In the training school at Forest Grove one hundred young Indians between the ages of five and twenty are kept, well fed, well clothed, and happy, and, as far as can be judged from appearances, quite as intelligent as a similar number of white youths. They came to the school from the prairies and the mountains, dressed in blankets and moccasins, with uncut and unkempt hair, as wild as young coyotes. They have already learned to sing like nightingales and work like beavers. It is remarkable that these young children of the forest are perfectly amenable to discipline, and never break a rule. The boys learn how to make boots and shoes, build houses, shoe horses, and how to perform various operations of agriculture. The girls learn to sew, darn, wash, cook, churn, iron, wash dishes, and keep their rooms in order. Both sexes learn their lessons promptly, and retain what they learn tenaciously. The common school games and amusements, playing ball, running races, and the like, are indulged in by the boys, while the little girls play with their dolls. They attend religious meetings and lectures, and sing and pray. The singing, indeed, is of remarkable excellence.
Captain WILKINSON last fall conducted his dusky pupils on a visit to Portland to attend the Young Men's Christian Association meeting, and the sight of these young red-skins excited general admiration. Captain WILKINSON gave some details of the organization to the school. The United States government for the first year appropriated only $5000 for him to start a school of twenty-five pupils, furnish transportation for them, teach, board, and house them. The boys built the houses themselves, the government only furnishing the materials. The four acres assigned to the institution were cultivated by the boys, who grubbed up the stumps, and planted potatoes and vegetables for their table. The school is thus partly self-supporting. The boys are attired in a regular uniform, and have their regular officers, as in our military schools. Every advantage placed in their way is eagerly seized on by these pupils, and it is worthy of notice by those who talk of the incorrigible character of the Indians that the parents, many of them chiefs, willingly and thankfully surrendered their sons and daughters in order that they might be taught the arts and learning of the white man.
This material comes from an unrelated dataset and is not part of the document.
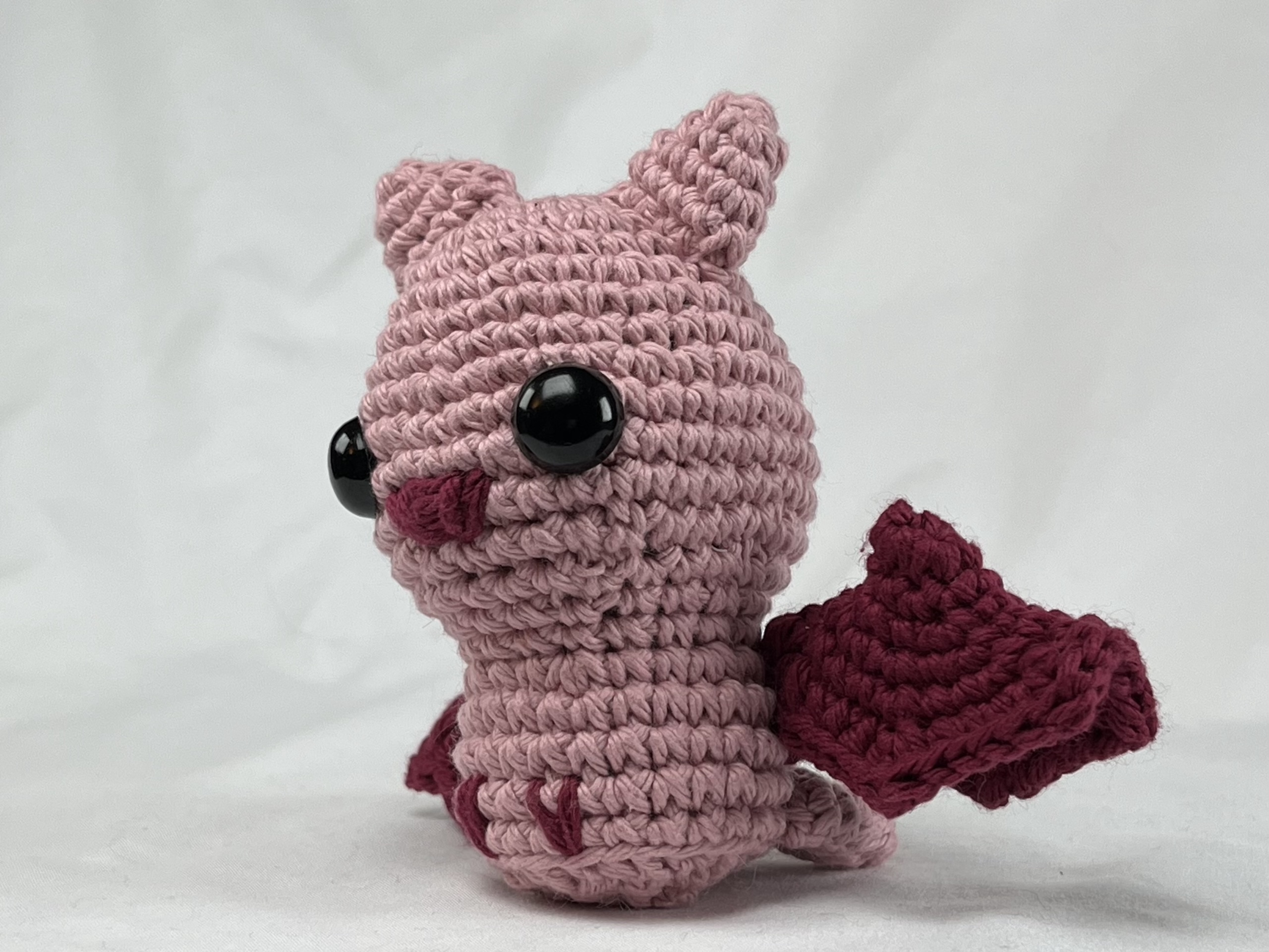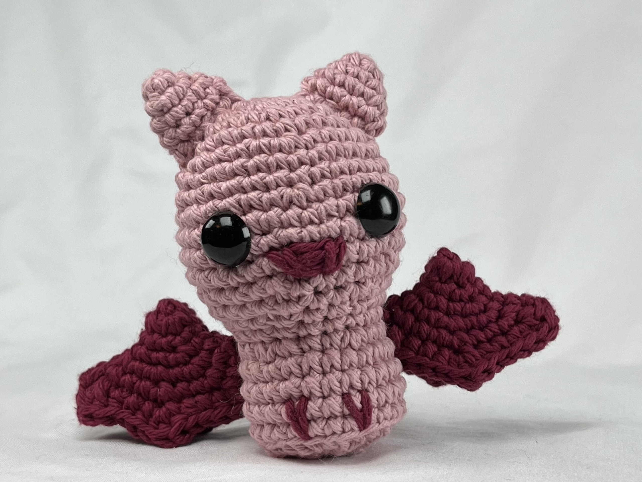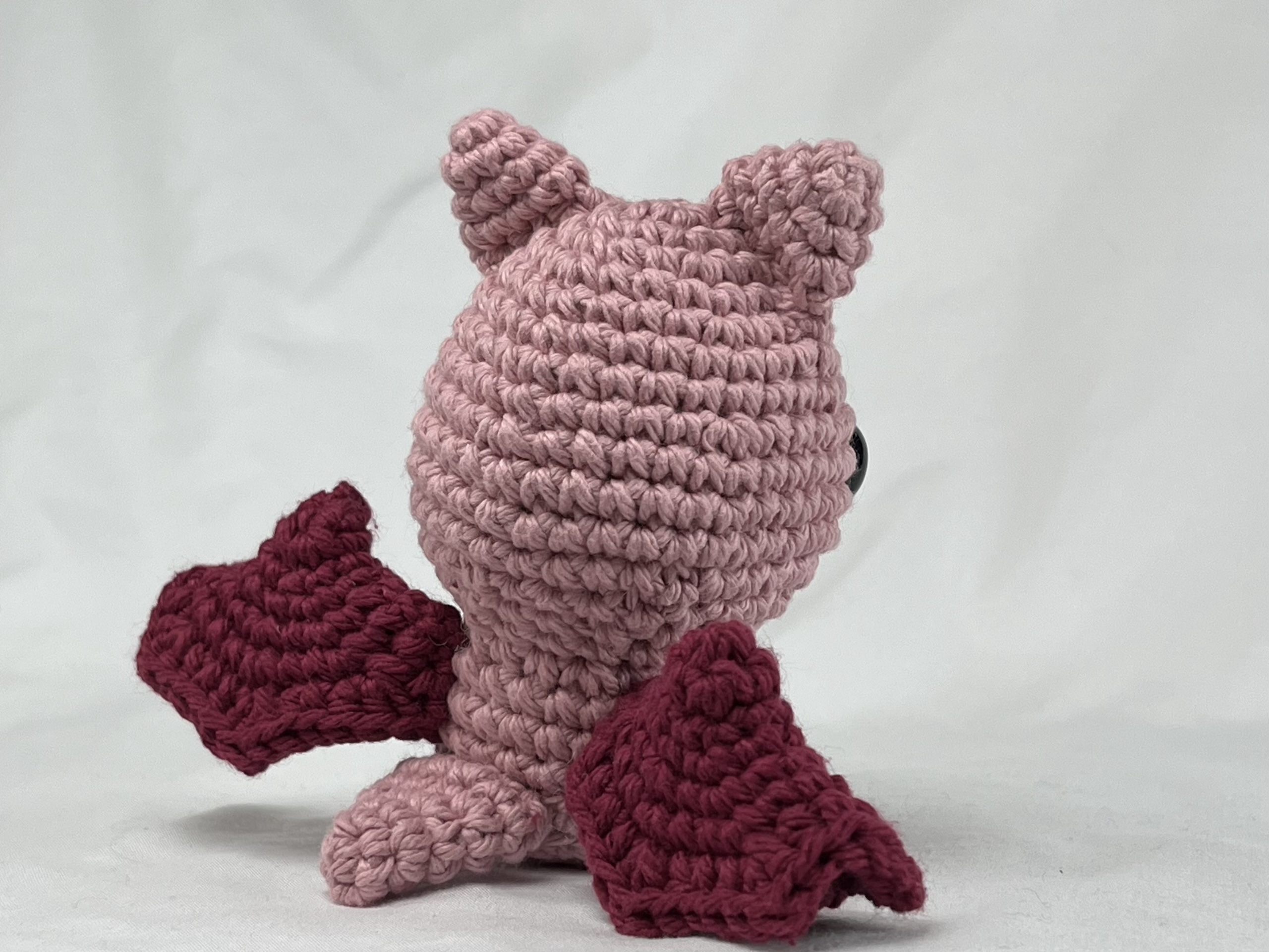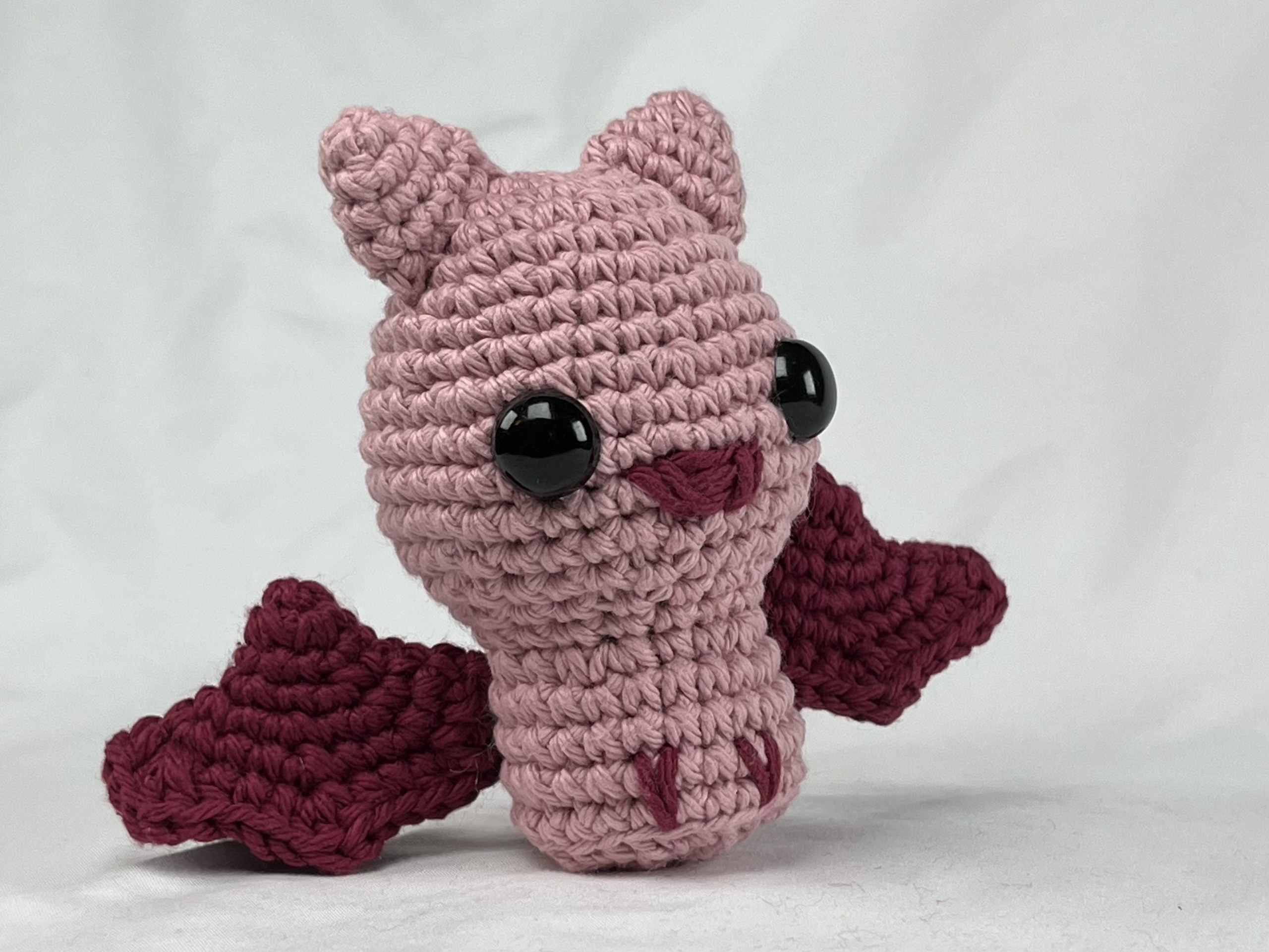 Meet Raven, one of the cuddliest members of the flock! This handmade amigurumi bat is crafted from soft, high-quality cotton yarn in a charming pink with striking rose wings. Whether you’re a bat lover (or a Bhat lover) or just looking for a unique gift, Raven is sure to steal your heart!

All this work has been done in the space of two years, and a clear proof of the results attained was given in a local exhibition. Coarse leather shoes of first-class workmanship were displayed, the work of boys between fourteen and twenty. A handsome wash-stand and bureau were exhibited by another Indian, and some miniature oars and ladders by a young Alaskan ten years old. An exhibit of articles from the blacksmith shop also attracted attention. The amount of work accomplished by Captain WILKINSON and his Indian boys and girls is surprising. The buildings are commodious and comfortable; the matron, Mrs. BUCK, is a highly efficient head of this great home, and is ably seconded by three lady teachers.
We agree with Captain WILKINSON that this is the best solution of the difficulty which confronts us in our dealings with the Indians. The present race, demoralized by our vacillating and inconsistent Indian policy, may perhaps deserve the reputation of being incorrigible; let us then take the rising generation away from the evil influences which have surrounded their progenitors, and train them up to be useful and orderly members of society.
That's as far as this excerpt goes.